A Landlord Discharging His Duty
A granite lion head, from the mouth of which water can be discharged into a basin immediately below. This is part of a monument in the centre of Blessington, County Wicklow erected to mark the coming of age in 1865 of Arthur Hill, later fifth Marquis of Downshire, whose family owned a large estate in the immediate area. On another side of the same memorial it is recorded that the water here was ‘supplied at the cost of a kind and generous landlord for the benefit of his attached and loyal tenants.’
In Grateful Memory
In the small village of Kenagh, County Longford rises this limestone gothic revival clock tower dated 1878. Designed by the English architect Sir Robert William Edis, it features a number of marble plaques including one showing the man in whose memory the monument was erected, the Hon Laurence Harman King-Harman who had died three years earlier. A younger son of General Robert Edward King, first Viscount Lorton, and a younger brother of Robert King, sixth Earl of Kingston, the Hon Laurence lived not far away at Newcastle, Ballymahon.
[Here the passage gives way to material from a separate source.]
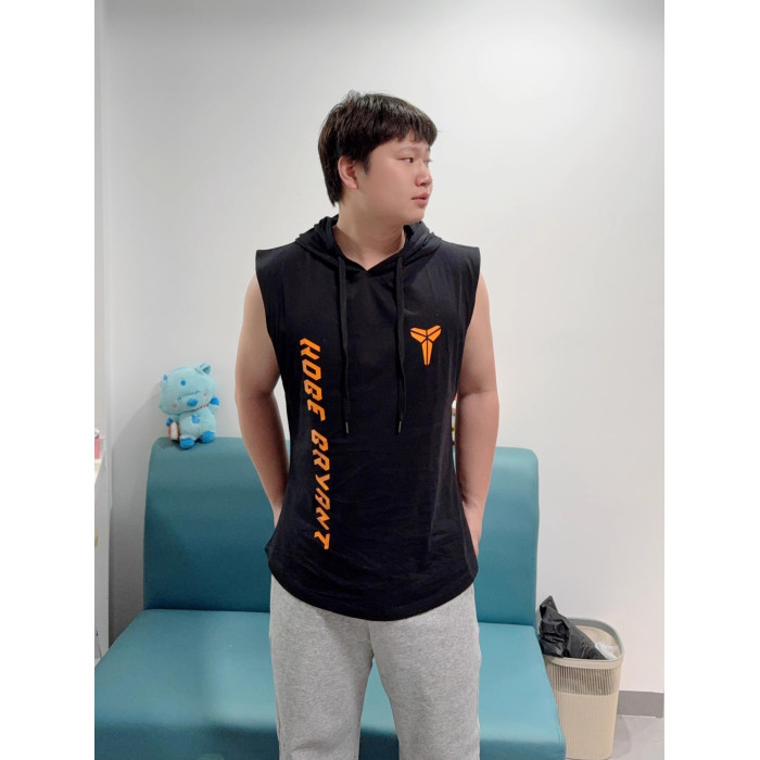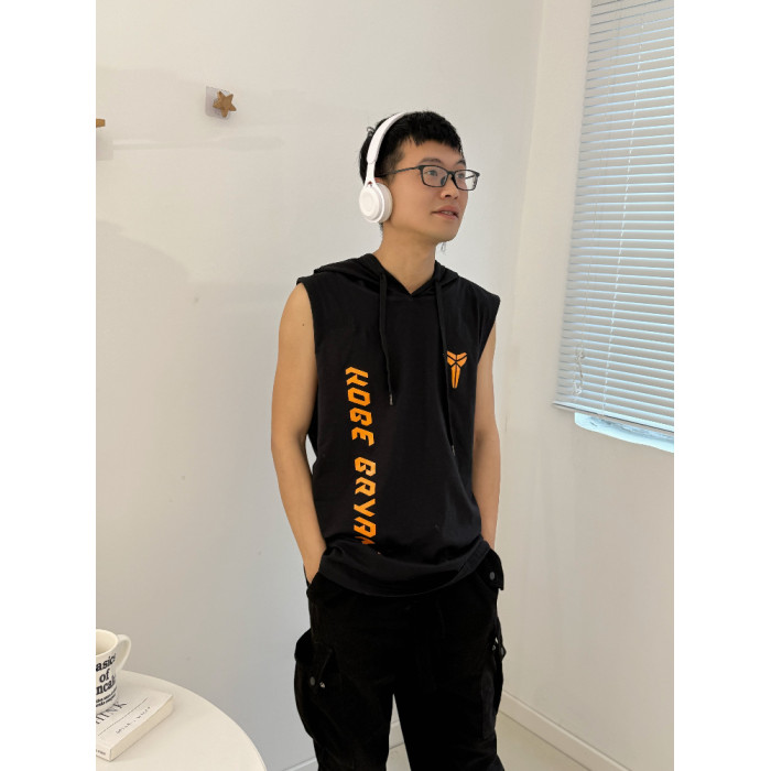 黑色【科比小標+名字 連帽背心】 橙色字

A panel below the portrait declares that the clock tower was erected by his tenants and friends ‘in grateful memory of a good landlord and an upright man.’ Within a decade the expression of such sentiments would have begun to fall out of favour following the rise of the Land League. The cost of over £1,000 was seemingly covered by local subscription. There is another clock tower likewise erected to honour the Hon Laurence in the centre of Boyle, County Roscommon where his family had their main estates. Has there been any other person similarly commemorated in this country?